= ABOUT THIS TASK =
Everything in the records below from the line containing "6月5日上午,由学生自发组织" through the line containing "袖がたっぷりとしているので、" is to be reproduced exactly, those two lines included; no picture is to be copied.

= MATERIAL FOR THE TASK =
▽
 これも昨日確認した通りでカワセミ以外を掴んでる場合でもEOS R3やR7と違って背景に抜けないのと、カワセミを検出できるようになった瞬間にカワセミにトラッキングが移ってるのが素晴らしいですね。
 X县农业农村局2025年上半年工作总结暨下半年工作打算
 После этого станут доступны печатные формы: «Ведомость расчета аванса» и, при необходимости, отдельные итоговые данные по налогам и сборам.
△
▽
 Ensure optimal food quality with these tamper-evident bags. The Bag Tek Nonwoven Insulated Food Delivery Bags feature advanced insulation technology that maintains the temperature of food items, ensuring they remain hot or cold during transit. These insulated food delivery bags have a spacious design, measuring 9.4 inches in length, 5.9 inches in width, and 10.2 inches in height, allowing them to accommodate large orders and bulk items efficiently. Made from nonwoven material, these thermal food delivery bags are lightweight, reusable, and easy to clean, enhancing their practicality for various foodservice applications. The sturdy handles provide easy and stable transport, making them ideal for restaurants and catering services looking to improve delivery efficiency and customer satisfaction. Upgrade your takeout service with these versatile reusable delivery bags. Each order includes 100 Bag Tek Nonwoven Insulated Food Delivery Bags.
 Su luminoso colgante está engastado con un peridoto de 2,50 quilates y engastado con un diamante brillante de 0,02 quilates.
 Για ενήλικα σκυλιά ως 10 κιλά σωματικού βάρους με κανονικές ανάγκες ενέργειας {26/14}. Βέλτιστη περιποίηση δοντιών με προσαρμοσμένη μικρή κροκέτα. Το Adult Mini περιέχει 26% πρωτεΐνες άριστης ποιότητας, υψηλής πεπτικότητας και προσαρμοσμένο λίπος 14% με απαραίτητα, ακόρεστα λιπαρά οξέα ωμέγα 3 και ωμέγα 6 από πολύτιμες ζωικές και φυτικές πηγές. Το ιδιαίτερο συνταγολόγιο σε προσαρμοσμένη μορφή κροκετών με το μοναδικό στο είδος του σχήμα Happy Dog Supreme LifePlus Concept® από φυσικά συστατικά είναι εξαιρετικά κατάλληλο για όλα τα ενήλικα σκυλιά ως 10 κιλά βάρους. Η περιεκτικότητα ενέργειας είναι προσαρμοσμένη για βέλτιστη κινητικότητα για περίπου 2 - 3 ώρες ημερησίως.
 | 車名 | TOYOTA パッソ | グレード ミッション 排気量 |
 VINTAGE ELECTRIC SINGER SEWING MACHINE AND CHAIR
△
▽
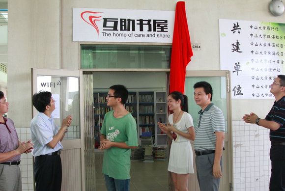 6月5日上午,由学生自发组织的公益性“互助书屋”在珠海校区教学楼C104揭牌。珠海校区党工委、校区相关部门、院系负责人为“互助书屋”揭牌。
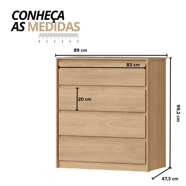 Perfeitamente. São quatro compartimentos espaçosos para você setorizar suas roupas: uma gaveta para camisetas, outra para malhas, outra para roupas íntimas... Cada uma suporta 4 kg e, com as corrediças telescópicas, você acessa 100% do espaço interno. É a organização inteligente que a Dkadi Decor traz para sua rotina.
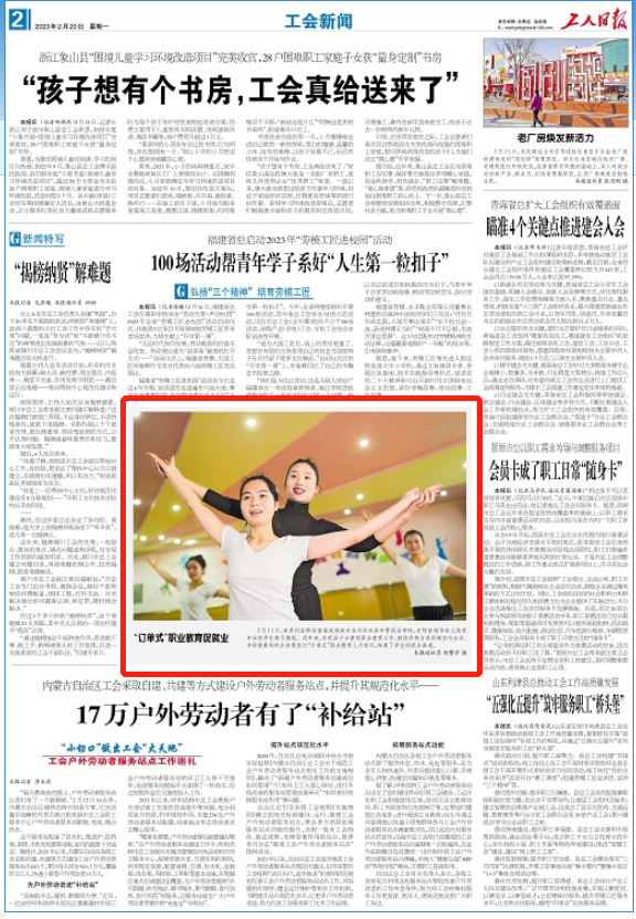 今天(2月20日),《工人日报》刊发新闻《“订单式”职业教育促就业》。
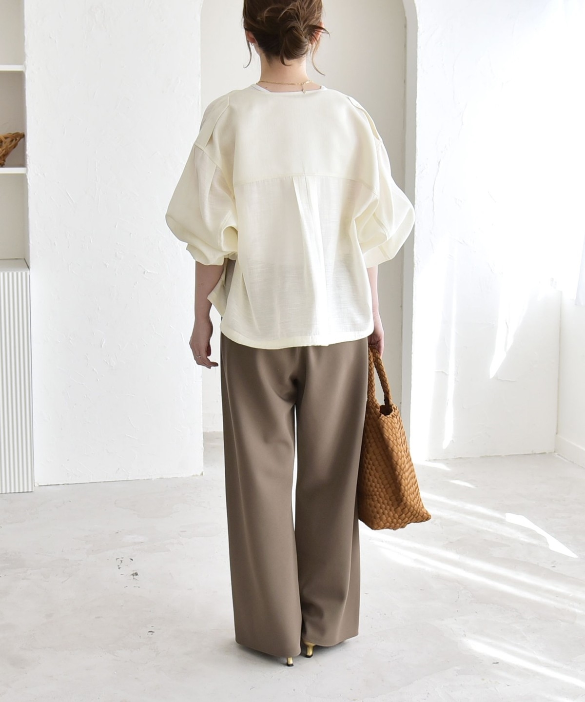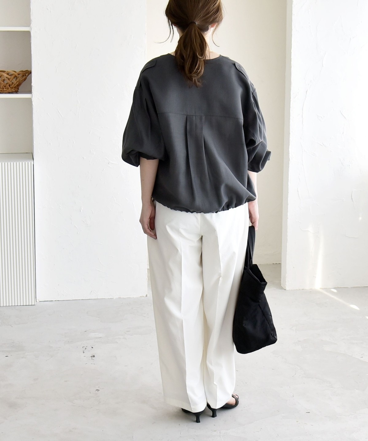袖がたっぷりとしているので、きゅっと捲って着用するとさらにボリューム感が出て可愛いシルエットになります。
△
= RESULT FOR THIS EXERCISE =
 6月5日上午,由学生自发组织的公益性“互助书屋”在珠海校区教学楼C104揭牌。珠海校区党工委、校区相关部门、院系负责人为“互助书屋”揭牌。
 Perfeitamente. São quatro compartimentos espaçosos para você setorizar suas roupas: uma gaveta para camisetas, outra para malhas, outra para roupas íntimas... Cada uma suporta 4 kg e, com as corrediças telescópicas, você acessa 100% do espaço interno. É a organização inteligente que a Dkadi Decor traz para sua rotina.
 今天(2月20日),《工人日报》刊发新闻《“订单式”职业教育促就业》。
袖がたっぷりとしているので、きゅっと捲って着用するとさらにボリューム感が出て可愛いシルエットになります。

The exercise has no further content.